Helium exists in great quantities in the 4 big planets, which unlike Earth have strong enough gravity to retain it.

Others have mentioned that some helium exists on the Moon, where it comes from the solar wind. The use of the helium 3 from there has been suggested for nuclear fusion, if the fusion of helium 3 became possible (it is much more difficult than the fusion of tritium with deuterium, which is the main approach attempted for now).

However, for fusion relatively small amounts could still be useful. For other uses the amount of lunar helium might not be enough, even when ignoring how expensive it would be to transport it from there.

Recently had to deal with radon in a basement, leading me to a fun side trek of learning about uranium decay (it has been a lot of years since chemistry classes).

When you hear about alpha decay of radioactive materials, that is the matter spitting off a highly ionized helium nucleus, freshly birthed into this world. That He nucleus rapidly steals electrons from matter, which is how it can be dangerous to human cells if ingested.

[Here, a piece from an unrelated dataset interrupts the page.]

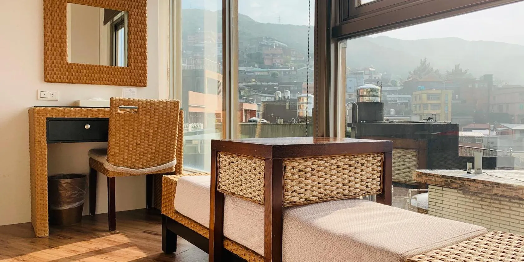 Το 山茶雅舍 新北市民宿證號360號 προσφέρει δωρεάν WiFi, κλιματισμό και βεράντα στο Jiufen.

All of that helium underground is the result of alpha decay, and a single uranium-238 element will birth 8 helium atoms as it transitions through a series of metals and one gas (radon), then finally finding stability as Pb206. U235 will birth 7, becoming Pb207.

Anyways, found that fascinating. It's just happenstance that helium often gets blocked exiting the crust by the same sort of structures that block natural gas from escaping, and they are an odd-couple sharing little in common.

One other fun fact -- radon only has a half life of 3.8 days. Uranium becomes thorium becomes radium, then radon where it has an average 3.8 days to seep out of the Earth and into our basements, where it then becomes radioactive metals that attach to dust, get breathed in (or eaten) and present dangers. In the scale of things, crazy. Chemistry is fascinating.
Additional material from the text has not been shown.